A Stirling motor is a heat engine that operates by cyclic compression and expansion of air or other gas, the working fluid, at different temperature levels such that there is a net conversion of heat energy to mechanical work. The motor is an external combustion unit like a steam engine in that all heat transfer takes place through the engine wall and the heat source is outside the engine. But unlike the steam engine, the working fluid used by the Stirling motor is a fixed quantity of gas either air or other type. Similarly to other heat engines, the general cycle consists of compressing cool gas, heating the gas, expanding the hot gas, and finally cooling the gas again before repeating the cycle. The Stirling motor is noted for its high efficiency, quiet operation, and can be used with any type of heat source as the renewable ones.

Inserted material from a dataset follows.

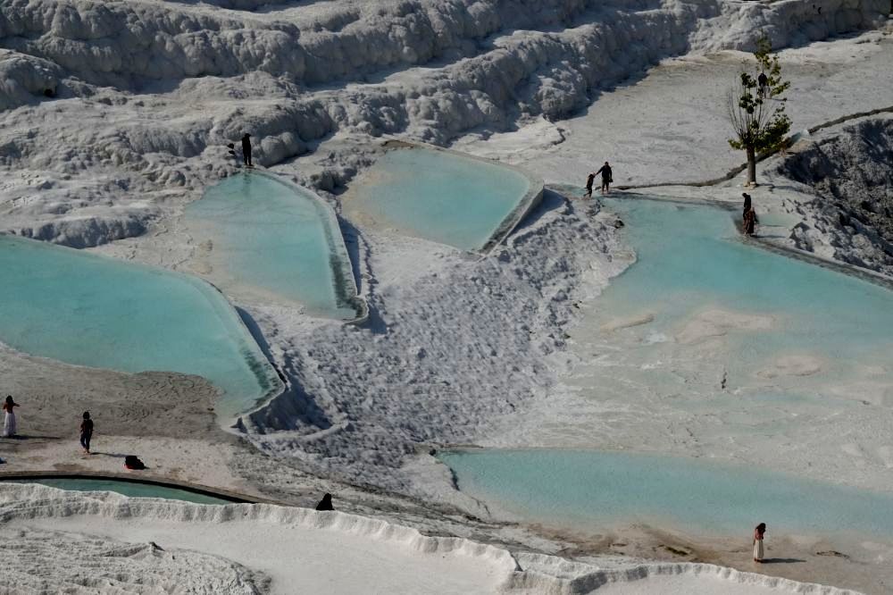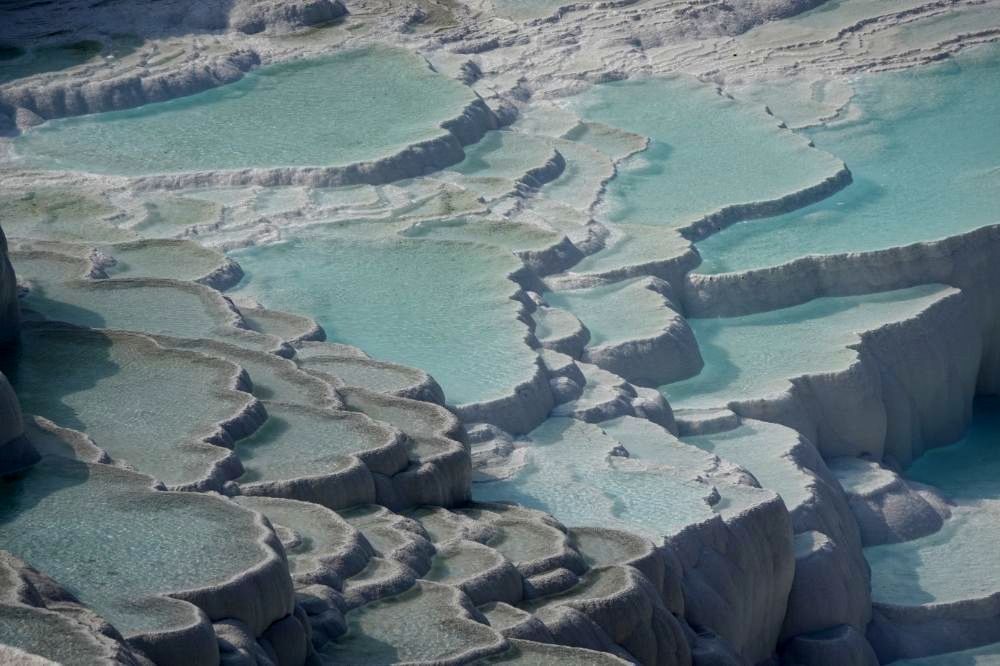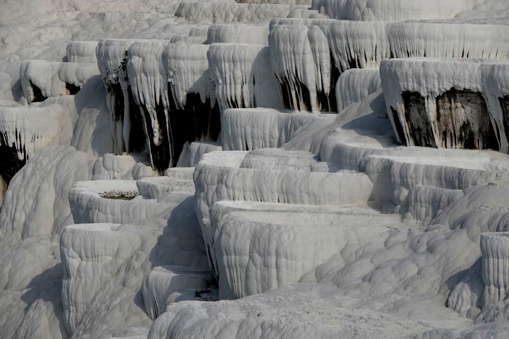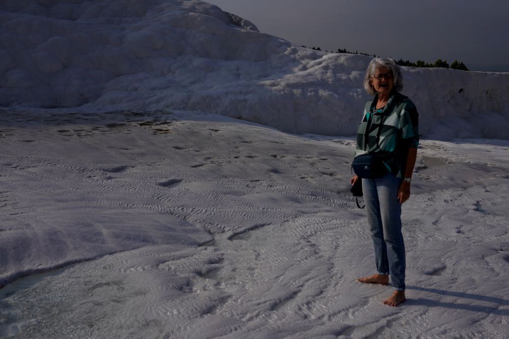 Wir zahlen die 60 Euro für zwei Personen. Nach 100 Metern müssen wir unsere Schuhe ausziehen, denn die Kalksteinfelsen darf man nur noch Barfuss begehen. Wir geniessen und bestaunen dieses Naturwunder und oben angekommen kann man auch noch durch die antike römische Bäderstadt Hierapolis wandern. So vergehen Stunden und wir haben immer noch nicht alles gesehen.

The Stirling Motor unit designed by PEZHVAK PAZHOOH SANAT is an alfa type engine. It consists of two power pistons located in separate cylinders (one for the cold source and another for the hot one). They are connected to a tube where the regenerator is located, which stores and transfer the heat, that enables to reach a higher efficiency. There is a piston in each cylinder, they move with a phase difference of 90º between them. Cylinders are connected by a crankshaft, which makes the power/volume ratio be quite high, since the power transfer mechanism is very simple. Gas moves between the both cylinders in a close circuit. The external heat source provides energy to the hot cylinder and the expansion of the gas moves its piston, which is fixed to the other piston of the cold cylinder by means of a crankshaft. The hot gas passes to the cold cylinder. During this time the cold cylinder piston compresses the cooled gas and forces it to move to the hot cylinder, where it receives the heat from the hot source and the cycle starts again.

Experimental and practical Possibilities:

Study of the conversion of thermal-mechanical-electrical energy

Study of the relationship between the temperatures difference of the thermal machine and the speed generated.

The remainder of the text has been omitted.